Classic cartoons often use music almost like a narrator, constantly guiding emotion and movement. We wanted gameplay to feel similarly directed.

That meant carefully staging moments where sound effects intentionally move into the foreground while music steps back, and other moments where music becomes dominant and gameplay sounds become more supportive.

We spent a huge amount of time playtesting levels, adjusting transitions, and shaping the balance between music and sound effects so gameplay would feel almost like playing through a living animated film.

Nothing in the soundscape was accidental. Every stylistic choice was carefully directed and intentionally shaped to evoke the experience we wanted the player to feel.

Sound Designer Lukasz Koscielny
Sound Designer Lukasz Koscielny

Did you capture any custom recordings for the game? (If so, can you talk about your recording sessions – what you captured & how you recorded the sounds?) Any helpful indie sound libraries?

Sound Team: Yes, a lot actually.

We used whistles, metal props, wooden objects, PVC pipes, mechanical toys, physical foley performances, and even mouth-made sound effects inspired by classic animation techniques.

At the same time, we heavily layered sounds together using recordings, libraries, virtual instruments, and live instruments.

A lot of sounds in the game are actually multi-layered hybrids built from completely different types of sources. Sometimes a weapon layer could contain mechanical recordings, musical textures, processed foley, and synthetic tonal elements all working together.

We often approached sound design almost compositionally, especially when trying to capture the game world’s exaggerated cartoon logic.

Behind the scenes on the sound of MOUSE: P.I. For Hire

What went into the sounds for Jack Pepper: his foley, his gun(s), his melee/fight sounds, his lock-picking skill, his chainsaw, etc.?

Sound Team: Jack Pepper’s Foley was designed very differently from traditional, realistic FPS protagonists.

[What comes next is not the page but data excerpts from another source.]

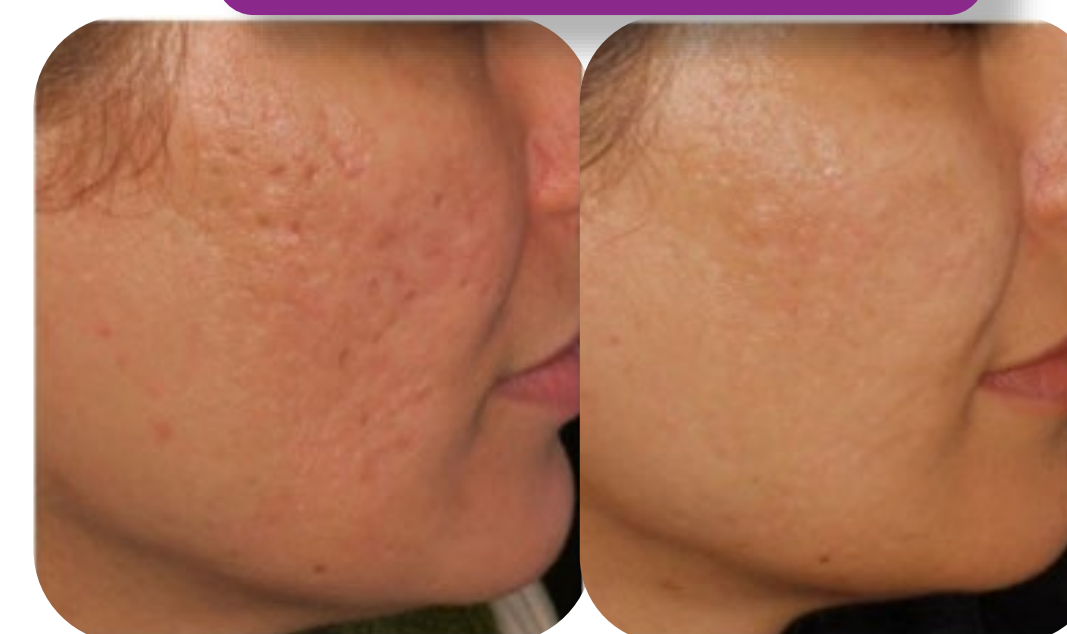
Nilforoushzhadeh et al. , 2020.
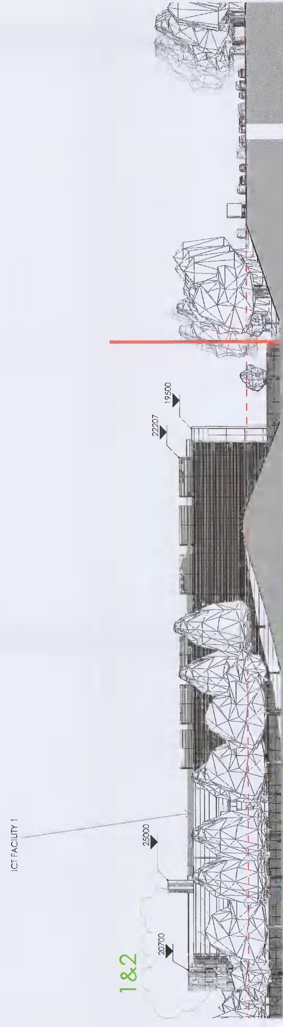
3 Site Section 3 - Proposed 1 : 500

REVISIONS: 1. REMOVAL OF GENERATOR FLUES AND CENTRAL EXHAUST DUCTS 2. REVISIONS TO THE LAYOUT OF THE M50 ROAD 3. FACILITY TREATMENT UPDATES TO REFLECT INTERNAL LAYOUT CHANGES.
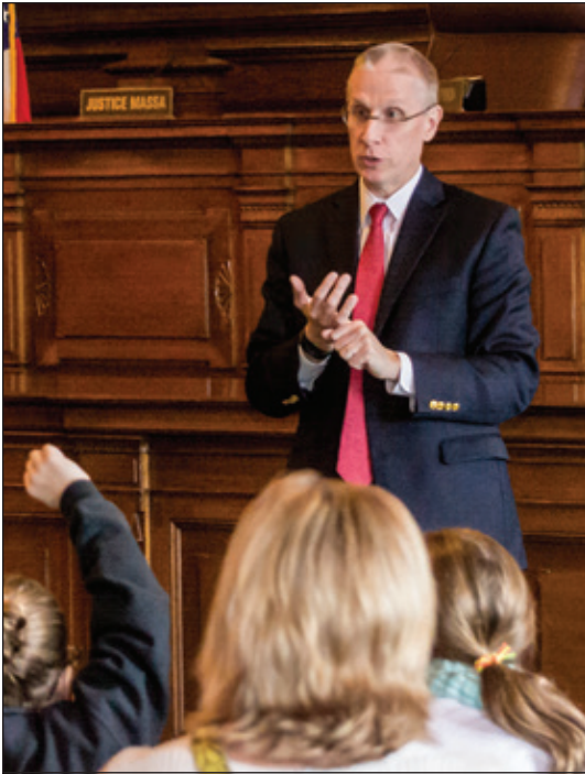
Justice Geoffrey Slaughter spoke to students in the Supreme Court Courtroom as part of Statehood Day.
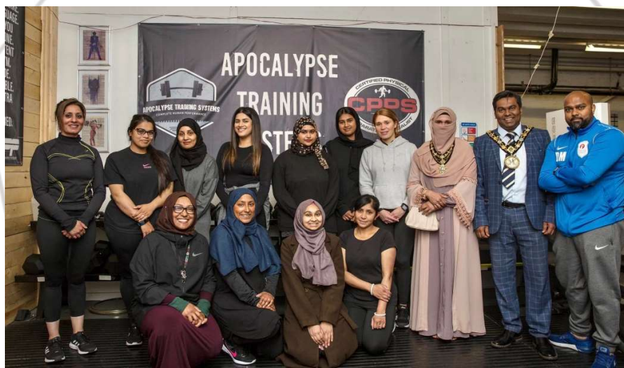
Basa Active Women

The Basa Runners group continue to grow and the participants are involved in many organised races for both personal gains and raising awareness and funds for many different charities. Here we have runners from Basa involved in the Race at Heaton Park for Movember.
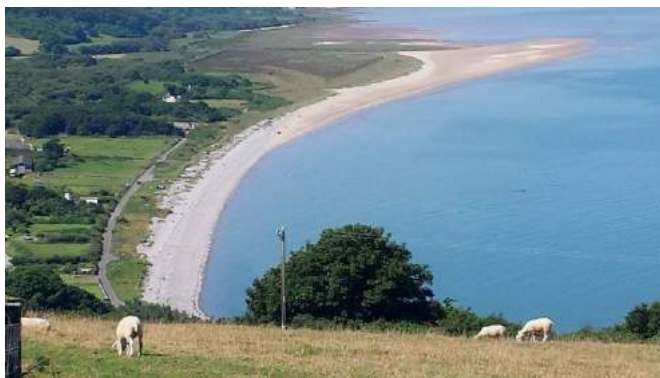
Llanddona beach from the heights above it, looking in the direction of Red Wharf Bay and its uncrowded sandy beaches (J Nunn)
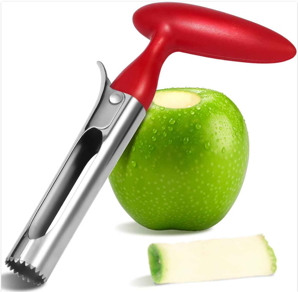
Image: The LIVSGNISTA Apple Corer Tool positioned next to a freshly cored green apple, with the removed core segment lying beside it.
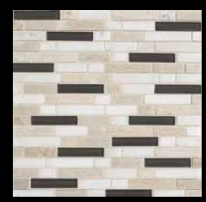
KINETIC KHAKI BLEND SA50
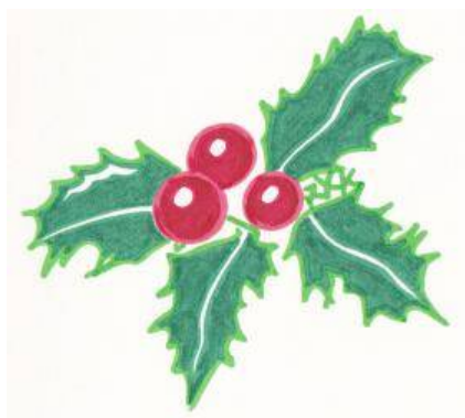
Drawing Ruth King

Network Magazine is looking for articles on growing vegetables, flowers or other general garden related advice. Please send to beckington.network@gmail.com Thank you.
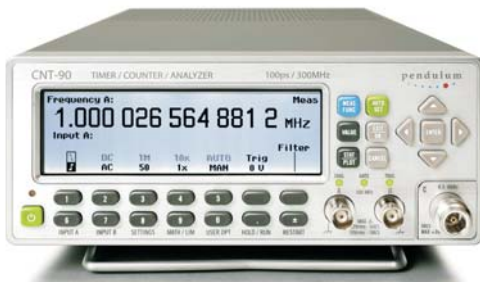
Figure 3: Input parameter setting menu shown with measured result.
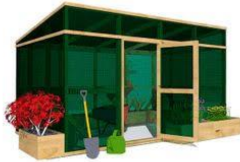
“Building our mini whareparekereke”

Friday 7/Saturday 8 – Construction of Maara wharepārekereke/ Garden nursery, 9am – 4pm
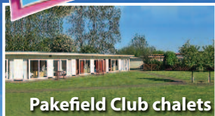
Pakefield Club chalets
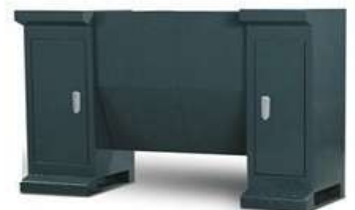
A20. Machine Base
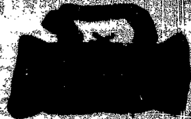
Distinctive diamond set in a Bag of Blue. $12.50
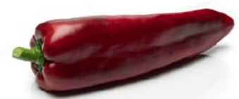
Pimiento Capia Capia pepper
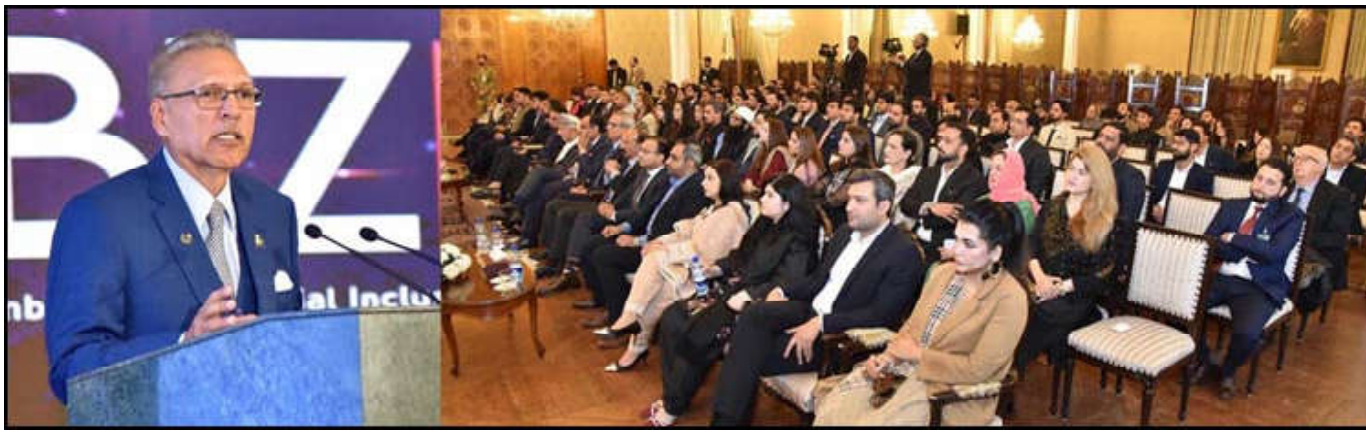
ISLAMABAD: President Dr. Arif Alvi addressing the 3rd edition of Hosting Business Net 2024, a platform to promote financial inclusion and digital transformation, at Aiwan-e-Sadr.
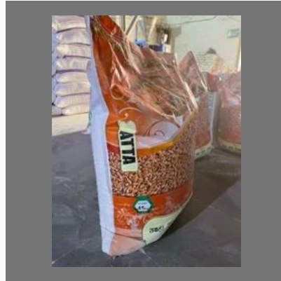
45 Kg Arawali Wheat Flour
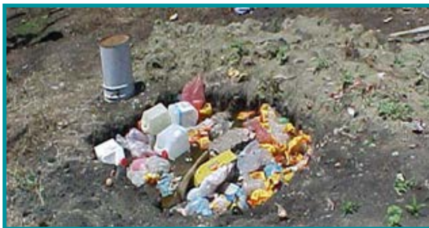
Figure 10. If disposing of waste materials on site, do not bury or dump materials close to waterways or where run-off or leaching from the materials can contaminate waterways or ground water.

Regular maintenance of vehicles and equipment ensures efficient operation and reduces energy use and costs.
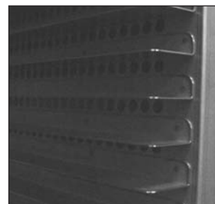
Optional fixed angle slides
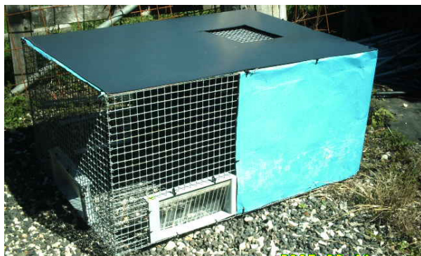
An example of a Super trap

When set up with adequate water and all parts functioning correctly, the Super Trap can house captured toads humanely for an extended period of time.
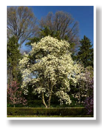
Elizabeth Magnolia 20-30' tall; 12-20' wide full sun, alkaline/moist/ well-drained soils, moderate growth rate
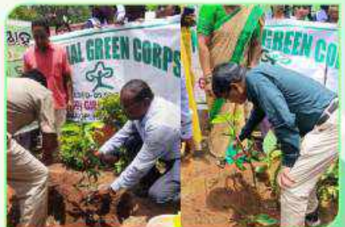
GOVT UPS PANDARIPATHAR JHARSUGUDA
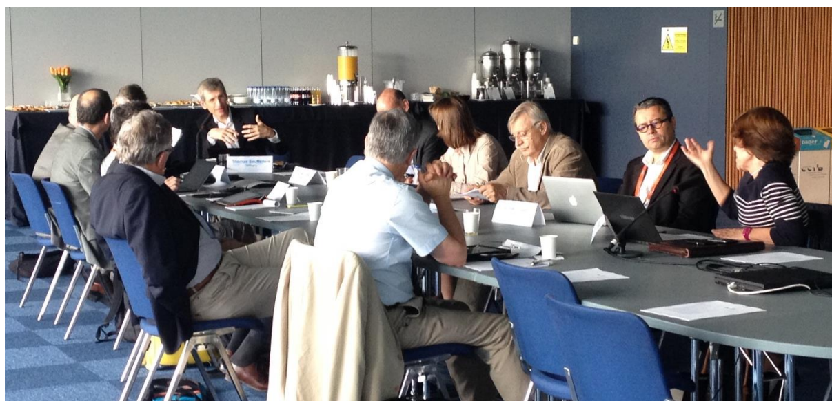
Impression from the ESDO-ESMO Expert Discussion on GE Junction Tumors, held on June 25 from 08:00 to 12:00 at the CCIB, room 120-121.
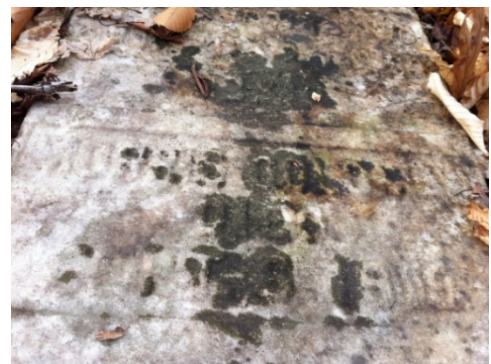
Figure 1: Gravestone of Moses “Morris” Goldman, found intact, fallen, lying face-up. December, 2012.

Photos were taken, and a record of the legible Anglo text from the stones was submitted to the Allegheny County Archives web site, a part of the USGenWeb Archives, in order to preserve the knowledge that had been acquired and to make it available to future researchers.
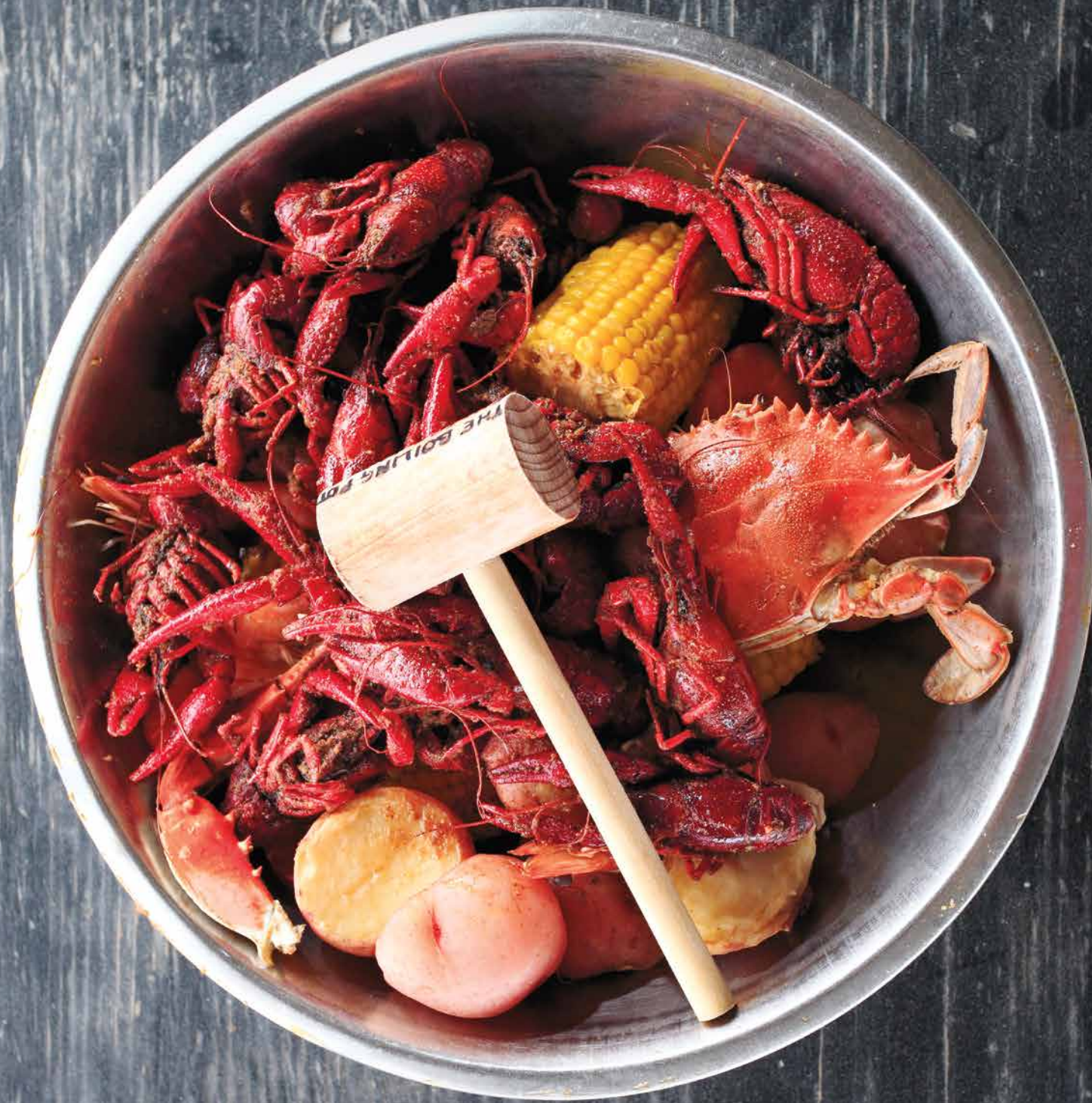
Use your mallet! A crawfish boil at the Boiling Pot, Rockport/Fulton.

His core movement sounds intentionally act more like a supporting layer rather than a dominant foreground element. Since players hear those sounds constantly throughout the game, we wanted them to remain readable but never exhausting or distracting.

At the same time, gameplay abilities and special actions become much more expressive and theatrical.

As the player unlocks new traversal abilities, new foley layers are gradually introduced into the character.

For example:

  • double jumps introduce spring-loaded shoe mechanisms,
  • wall-running activates suction-cup sounds attaching and detaching from surfaces,
  • helicopter-tail traversal transforms the tail itself into a spinning miniature rotor system,
  • and certain environments introduce completely unique surface interactions.

Some levels even contain surfaces like banjos that trigger melodic notes while moving across them. We often tried to think about sound design melodically rather than purely rhythmically, which felt very connected to the musical language of classic cartoons.

The lock-picking systems also follow that philosophy. As the player manipulates lock pins with Jack’s tail, the pins create small, randomized melodic phrases. Every successful interaction generates slightly different tonal sequences, giving the mechanic its own musical identity rather than making it feel like repetitive mechanical UI feedback.

Jack’s melee combat was heavily inspired by classic cartoon violence language.

Punches and kicks intentionally use exaggerated “slapstick” style impacts – combinations of hand slaps, body hits, meat impacts, and highly stylized cartoon-style transients similar to classic animated films.

One of Jack’s attacks transforms him into a spinning propeller-like tornado inspired by old single-engine airplanes. During combat, powerful knockouts can even trigger exaggerated boxing bell accents to reinforce the comedic cartoon energy of the action.

Weapons followed a similar philosophy.

Some weapons are intentionally absurd and highly stylized. One example is a weapon built around a living brain contained inside a capsule, capable of firing energy rings that overload enemy brains until their heads literally inflate and explode.

Its reload system uses propaganda-themed musical boxes, each with melodic reload sequences that become part of the weapon’s identity.

Behind the scenes on the sound of MOUSE: P.I. For Hire

Another weapon behaves more like an old cannon being loaded with heavy metal balls. During reloads, we used recordings inspired by bowling balls rolling through bowling return systems to create exaggerated mechanical movement with a strangely satisfying cartoon feel.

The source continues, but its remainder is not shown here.